(Provided data):
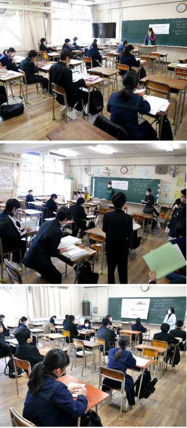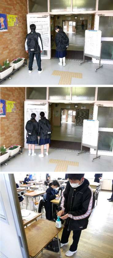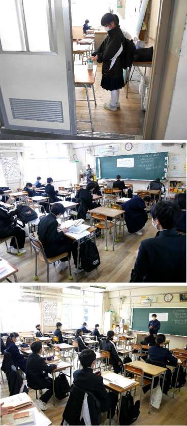 午前9時、1年生が登校して、南館3階の5教室に分かれて、テスト返しなどを行いました。席をあけて着席したり、アルコール消毒、教室の換気をしながらのテスト返しとなりました。
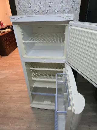 Nevera y congelador en buen estado, ideal para tu hogar. - Diseño blanco. - Puerta abatible.
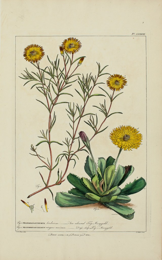 The exhibit’s title, A Medicine to the Mind, was inspired by scenes like that of the Chelsea Physic Garden in London, which was established by the Worshipful Society of Apothecaries in 1673 to grow plants that could be used as medicine. A drawing of its extensive grounds occupies much of the wall facing the exhibit entrance. Plants as a source of healing, comfort, and joy provide a common thread in the exhibition. Miller said that in a year poisoned by a global pandemic and other traumatic events, the interest in gardening and growing things has blossomed, and like the coming of day after night, a garden’s cyclical replenishment offers the promise of a brighter future.
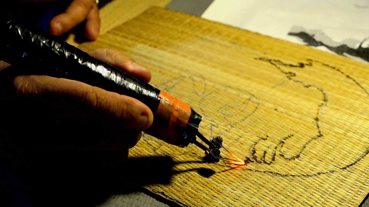 Hơn 5 năm qua, họa sĩ Võ Minh Mẫn, 75 tuổi (Châu Đốc, An Giang) vẽ tranh bằng kỹ thuật đốt nóng trên chất liệu chiếu Uzu, đến nay ông có hơn 30 tác phẩm.
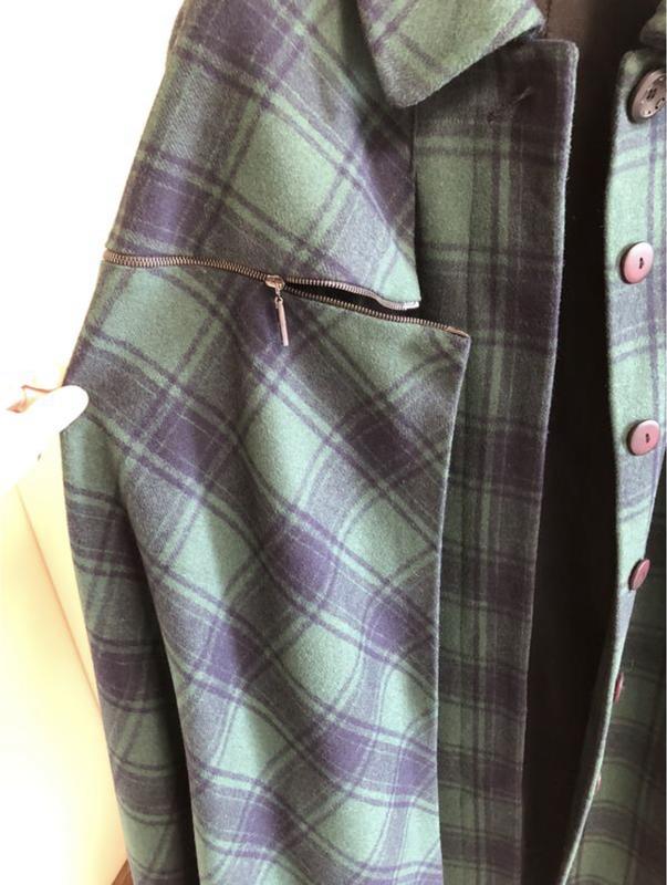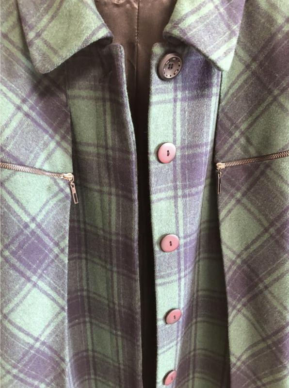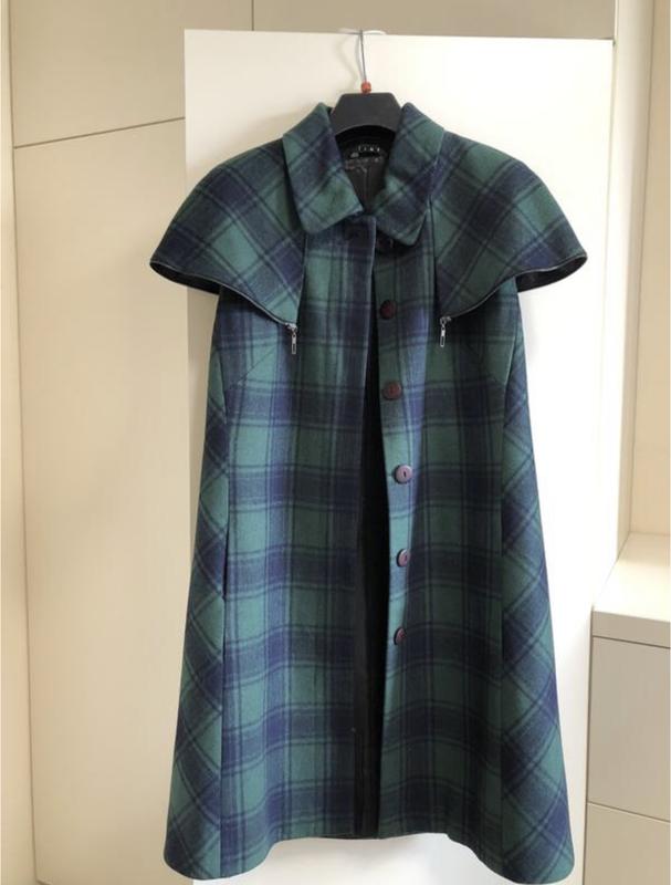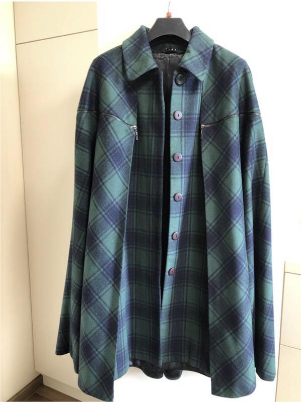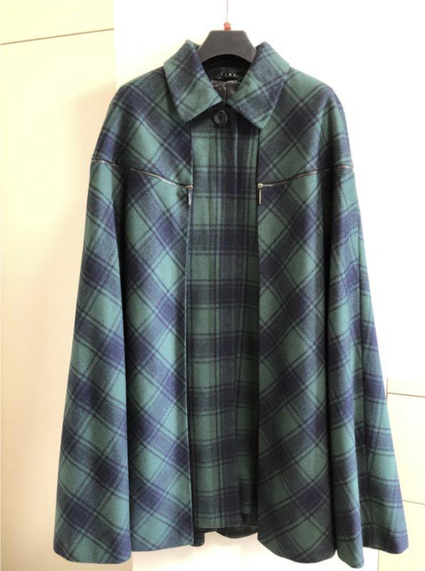 Пальто - кейп в очень красивую зелено- синюю клетку, из тонкой шерсти. Новое. Накидка отстегивается и получается очень стильное пальто - жилет со спущенными плечами. Дорогой качественный Украинский бренд FRIZMAN..

(What you have to do):
Leaving out the pictures, print each line of the records above from the first up to and including the one that contains "Nevera y congelador", exactly as written.

(Output below):
 午前9時、1年生が登校して、南館3階の5教室に分かれて、テスト返しなどを行いました。席をあけて着席したり、アルコール消毒、教室の換気をしながらのテスト返しとなりました。
 Nevera y congelador en buen estado, ideal para tu hogar. - Diseño blanco. - Puerta abatible.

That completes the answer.